DataFungi, from Rotting Data to Purified Information

Martin Kersten presented his idea to cope with the ever increasing big data growth in a keynote at the 32nd IEEE International Conference on Data Engineering, May 16-20, 2016, in Helsinki, Finland.

To truly understand the complexities of global warming, gene diversity and the complexity of the universe, the sciences more and more rely on database technology to digest and manipulate large amounts of raw facts. It requires daily injection of Terabytes, a synergy with large-scale existing science repositories, efficient support for the preferred computational paradigm (e.g. SQL, Python, R), and linked-in libraries (e.g. BLAS, GSL, Numpy). However, the staggering amount of science data collected creates a challenge beyond a mere buying of more hardware or elastic growth in the Cloud. Scientific database management systems should fundamentally change.
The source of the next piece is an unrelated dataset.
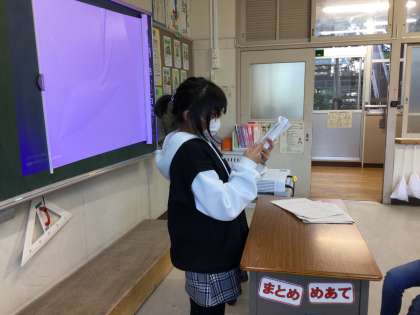 国語の授業では、「大造じいさんとがん」を勉強しました。最後に、自分のお気に入りの場面を決め、その理由とどのように表現するかを考えて、発表会をしました。

To cope with big data growth, a DBMS should provide a data freshness decay model to ensure its proper functioning within the storage, processing and responsiveness bounds given. Data should after injection into a database become subject to a data rotting process, or be distilled into meaningful half-products using a purification process. Data rotting uses data agnostic techniques to remove data from the repository when the sustainability of the system becomes at risk. The counter measure is to exploit domain knowledge to enable data purification, i.e. replace raw data by sound statistical micro-models to reduce their resource claims. The project challenges the data durability axiom underlying all database systems. Instead, I coin that a DBMS may selectively forget raw data on its own initiative. Ideally by harvesting micromodels and to forget noisy facts. The experimental context is provided by the emerging in-memory database technology, which provides a significant improvement over disk-based approaches.

If successful, the research brings down the resource requirements of scientific databases significantly, it provides fast and robust statistical query responses and it harvests the use patterns by identifying the laws of data. A new substrate is created for data driven scientific discoveries.